Amgen Inc. v. Coherus Biosciences Inc.
931 F.3d 1154
| Fed. Cir. | 2019Background
- Amgen’s U.S. Patent No. 8,273,707 claims a process to increase the dynamic capacity of hydrophobic interaction chromatography (HIC) columns by using one of three specific two‑salt combinations (citrate/sulfate, citrate/acetate, sulfate/acetate) at 0.1–1.0 M each.
- During prosecution the examiner rejected the claims as obvious over Holtz, which disclosed salts for HIC but not the claimed salt combinations or an increase in dynamic capacity.

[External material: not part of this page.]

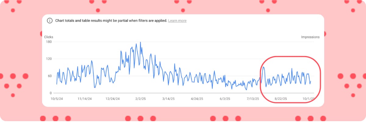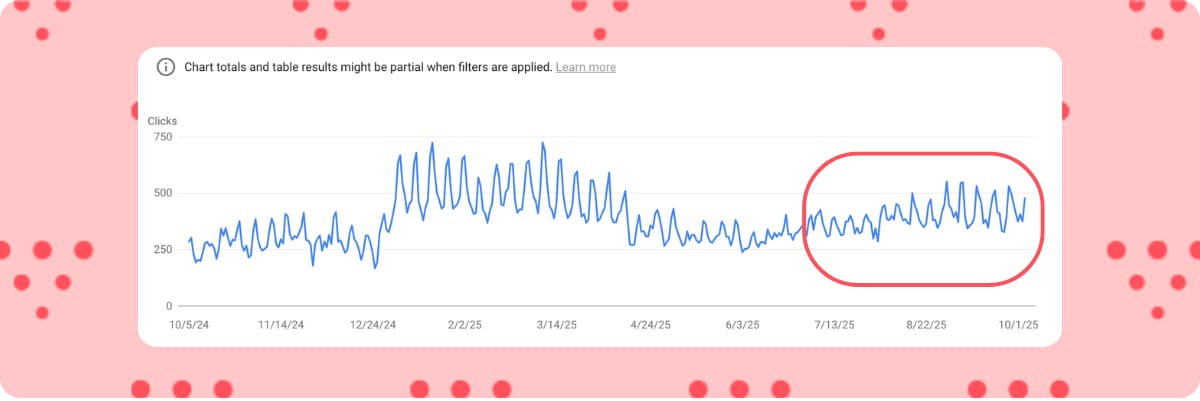 Exhibit C: In late July 2025, a third food blogger trimmed filler from a top post that experienced decline, and organic clicks improved

- Amgen responded, distinguishing Holtz by asserting (a) Holtz does not teach combinations of salts, (b) Holtz does not teach the particular combinations claimed, and (c) Holtz does not teach use of combinations to increase dynamic capacity. Amgen submitted a declaration emphasizing the claimed "particular" salt pairs and their benefits.
- The patent issued after continued prosecution. Later, Coherus sought FDA approval for a biosimilar and disclosed a manufacturing buffer containing a salt combination different from Amgen’s three claimed pairs.

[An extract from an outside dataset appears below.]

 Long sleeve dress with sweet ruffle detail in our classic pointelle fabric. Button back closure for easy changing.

- Amgen sued Coherus for infringement under the doctrine of equivalents; Coherus moved to dismiss under Rule 12(b)(6). The district court dismissed, holding Amgen clearly and unmistakably surrendered unclaimed salt combinations during prosecution (argument‑based prosecution history estoppel).

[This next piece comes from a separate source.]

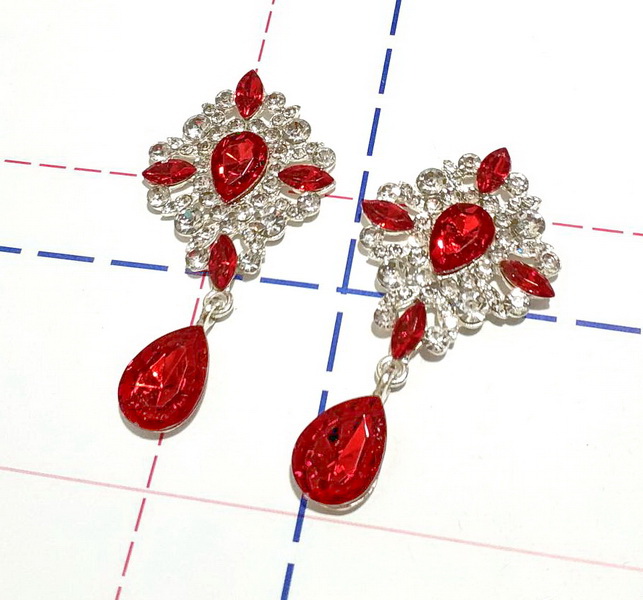 - Ювелирная серединка с подвеской Капля Крест 35*65мм Серебро/Красный

- The Federal Circuit affirmed, concluding Amgen’s prosecution statements and declaration surrendered claim scope for other salt combinations, barring reliance on equivalents; the court did not reach Amgen’s alternative argument about dedication to the public.
Issues
| Issue | Plaintiff's Argument | Defendant's Argument | Held |
|---|---|---|---|
| Whether prosecution history estoppel bars Amgen from asserting infringement under the doctrine of equivalents for salt combinations not literally claimed | Amgen: its prosecution distinctions focused on Holtz’s lack of teaching of increased dynamic capacity and any salt combinations generally; references to "particular combinations" were descriptive, not a surrender of other combinations | Coherus: Amgen repeatedly and clearly distinguished Holtz by pointing to the "particular combinations" it claimed, thereby surrendering unclaimed salt pairs | Held: Estoppel applies—Amgen clearly and unmistakably surrendered other salt combinations, so doctrine of equivalents is barred |
| Whether only the final prosecution submission controls argument‑based estoppel | Amgen: estoppel should be based on arguments in the last response before allowance | Coherus: earlier clear prosecution statements can create estoppel even if not repeated in the last submission | Held: Earlier clear statements can create estoppel; no requirement that only the final submission controls |
| Whether separate prosecution arguments create separate estoppels | Amgen: multiple grounds to distinguish prior art should be read together, not create separate surrender | Coherus: separate, independent distinctions can each create estoppels | Held: Separate bases can create separate estoppels so long as they were not combined to make a single distinguishing rationale |
| Whether district court erred in dismissing on estoppel grounds at Rule 12(b)(6) stage | Amgen: factual inferences should be resolved in its favor; estoppel inappropriate on the pleadings | Coherus: prosecution history is part of the record and Amgen’s own filings show clear surrender | Held: Dismissal affirmed—prosecution record shows clear and unmistakable surrender as a matter of law |
Key Cases Cited
- Trading Techs. Int’l v. Open E Cry, LLC, 728 F.3d 1309 (Fed. Cir. 2013) (prosecution history estoppel bars recapture of surrendered subject matter by equivalents)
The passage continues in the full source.